◆ EXERCISE OBJECTIVE ◆
Once the line holding "Moynesa Area Rug" is found, output it and all remaining lines of the data exactly, with every picture left out.

****

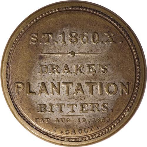 <B>HB-100 EP-13 Scott-70 Reed-DR01 1¢ Drake's Plantation Bitters Choice About New.<BR>Numerical grade: 85case.80stamp.70mica. = 235</B></I> A common encasement, rated as an R-2 (51-100) by Reed, which is no doubt accurate. This is a particularly nice piece. The case is flawless and with about half of its original silver remaining, all of which is concentrated in the center. This is one of perhaps a dozen encasements we've seen where a different method was used to seal the case. The front of the case reaches onto the beading all the way around, and has been sealed in such a way that the final millimeter before the seam is fully flattened. The stamp is fully fresh and nicely centered, the mica has a few laminated areas visible under angled light and a short crack, craze and separation at the lower right from the point of the Franklin vignette to the edge.<BR><I>From The Frederick Mayer Collection</B></I><BR><BR><b>Shipping:</b> Coins & Currency (<a target="_blank" href="http://www.heritageauctions.com/common/shipping.php">view shipping information</a>)
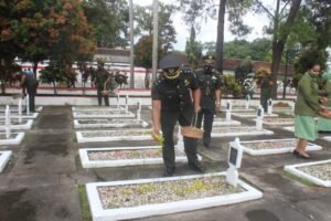Kasdim 0808/Blitar Mayor Inf Leo Eustatius Paurakan usai kegiatan mengatakan, bahwa ziarah dan tabur bunga di pusaran makam para Pahlawan ini merupakan rangkaian kegiatan peringatan HUT ke 58 Korem 081/DSJ Tahun 2021.
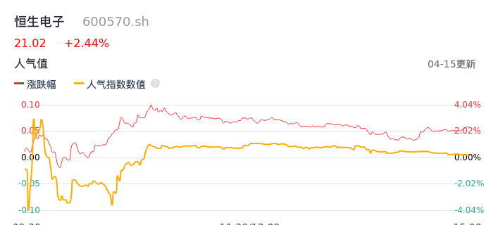 04月15日,恒生电子收报21.02,股价涨幅2.44%,成交金额6.89亿元,换手率1.74%。
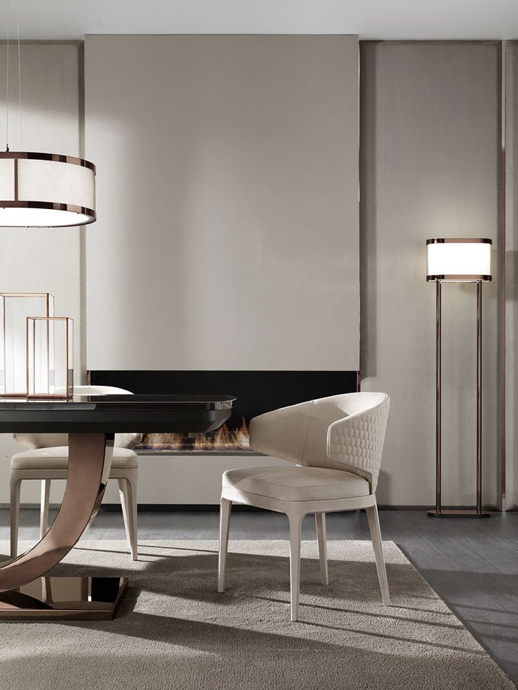 Extensible table on a stainless steel base. The tabletop can be made of different types of wood (in MDF and solid wood) and marble. Other finishes are possible.
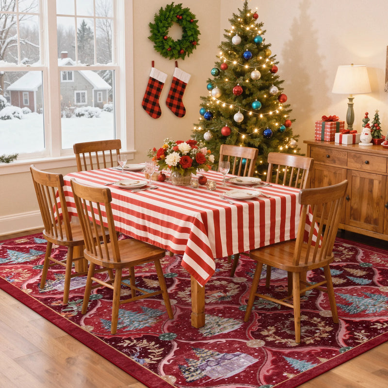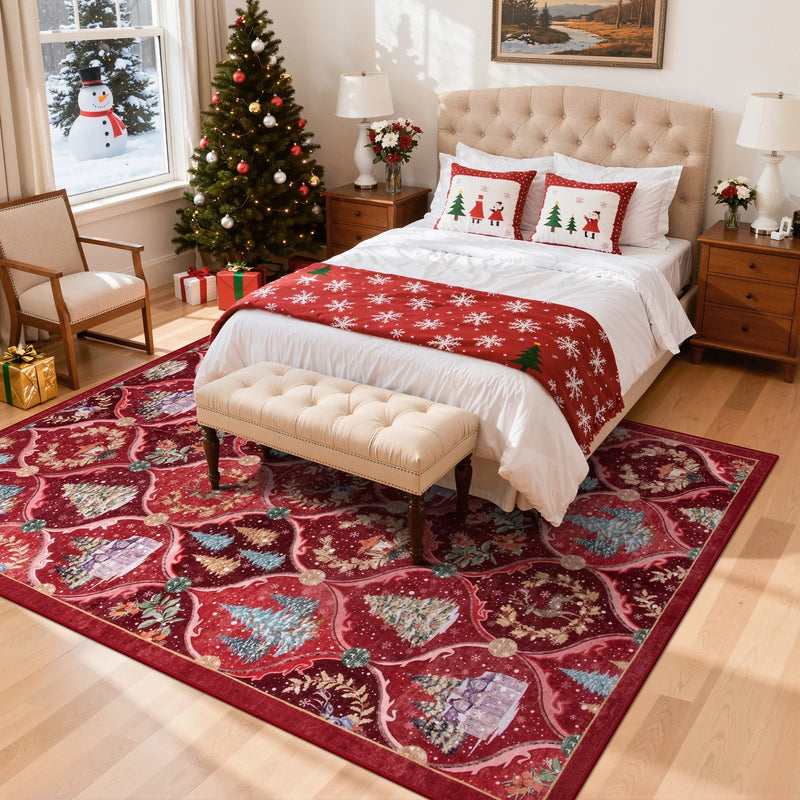 Moynesa Area Rug Christmas Area Rug for Living Room, Xmas Tree Modern Washable Rug, Holiday Decor Geometric Soft Accent Rug for Bedroom Dining Room, Red
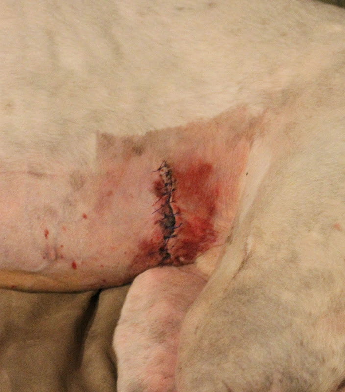 But luckily..10 days later..sutures removed and he is doing great!!! He is going to soon look like Joan Rivers with all these 'tummy tucks' (4 total so far)
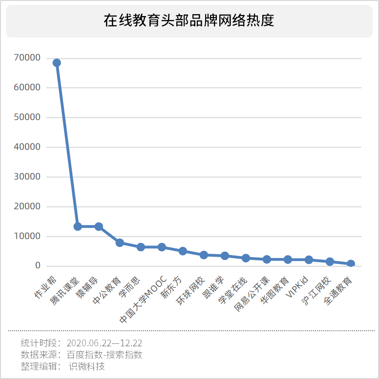 在经过对选取的15个在线教育头部品牌的网络热度做出统计后,可以看出在2020下半年,作业帮凭借明星代言、综艺植入、硬广铺陈等多种方式打出的营销组合拳获得了良好成效,网络热度一骑绝尘,远超其他品牌成为热度第一;腾讯课堂及猿辅导分居二、三位,其余品牌以相互间并不过于悬殊的差距位列其后。
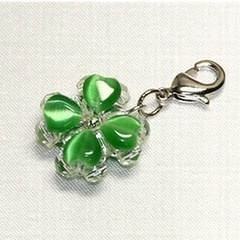 > ♪櫻♪【厳選キャッツアイ】四つ葉クローバーSチャームgr:幸運の四葉。ビーズストラップはファスナーチャーム,キーホルダー等に♪
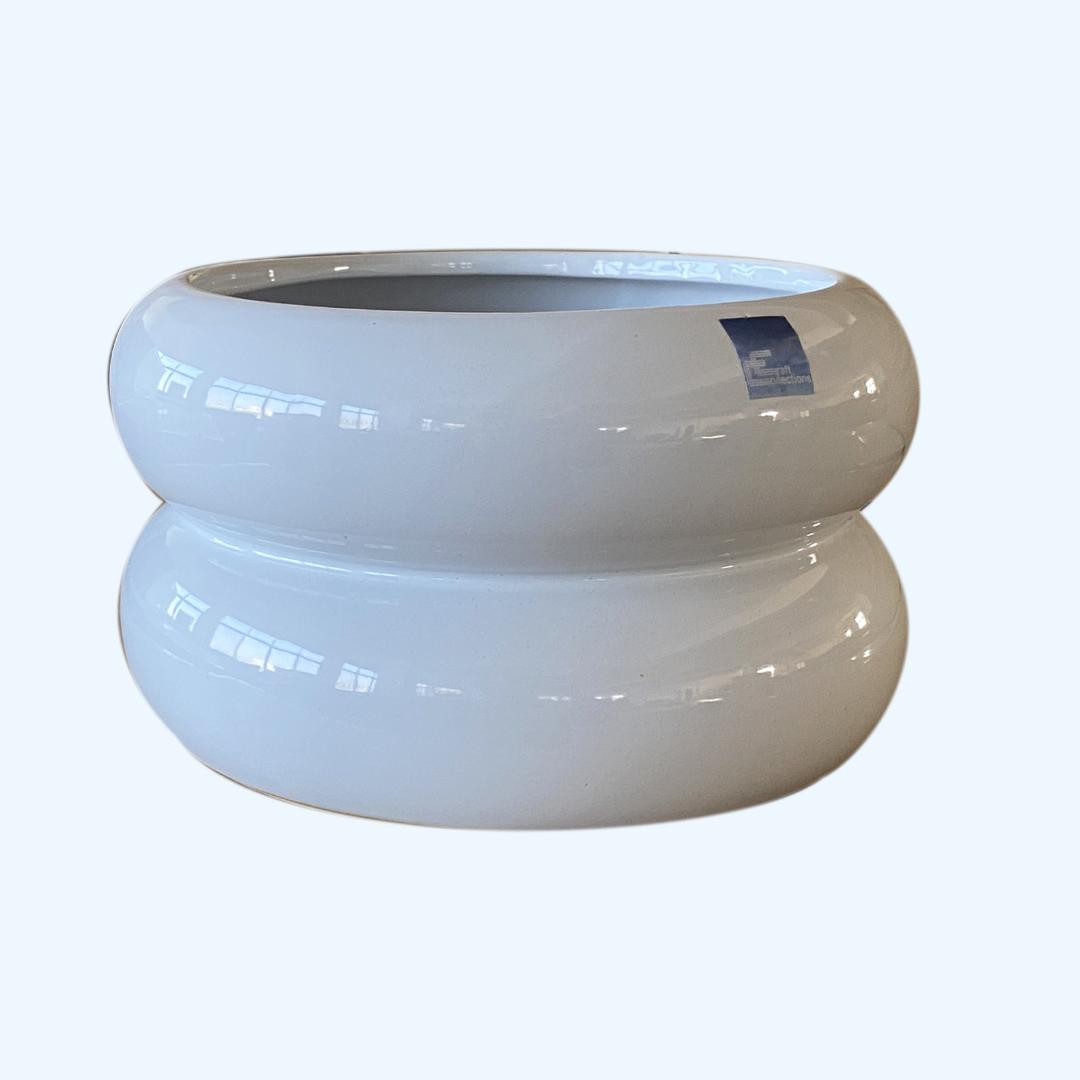 Elevate your space with this modern, glossy white ceramic planter or decorative Pot. Featuring a distinct double-bulge silhouette, that blends clean lines with a bold, contemporary form. Its high-gloss finish reflects light beautifully, enhancing its smooth, seamless curves. The wide-open top makes it perfect for use as a planter, low-profile centerpiece, or decorative storage vessel. Ideal for minimalist, modern, or Scandinavian-style interiors, this piece is as much an art object as it is functional.

****

◆ YOUR SOLUTION ◆
 Moynesa Area Rug Christmas Area Rug for Living Room, Xmas Tree Modern Washable Rug, Holiday Decor Geometric Soft Accent Rug for Bedroom Dining Room, Red
 But luckily..10 days later..sutures removed and he is doing great!!! He is going to soon look like Joan Rivers with all these 'tummy tucks' (4 total so far)
 在经过对选取的15个在线教育头部品牌的网络热度做出统计后,可以看出在2020下半年,作业帮凭借明星代言、综艺植入、硬广铺陈等多种方式打出的营销组合拳获得了良好成效,网络热度一骑绝尘,远超其他品牌成为热度第一;腾讯课堂及猿辅导分居二、三位,其余品牌以相互间并不过于悬殊的差距位列其后。
 > ♪櫻♪【厳選キャッツアイ】四つ葉クローバーSチャームgr:幸運の四葉。ビーズストラップはファスナーチャーム,キーホルダー等に♪
 Elevate your space with this modern, glossy white ceramic planter or decorative Pot. Featuring a distinct double-bulge silhouette, that blends clean lines with a bold, contemporary form. Its high-gloss finish reflects light beautifully, enhancing its smooth, seamless curves. The wide-open top makes it perfect for use as a planter, low-profile centerpiece, or decorative storage vessel. Ideal for minimalist, modern, or Scandinavian-style interiors, this piece is as much an art object as it is functional.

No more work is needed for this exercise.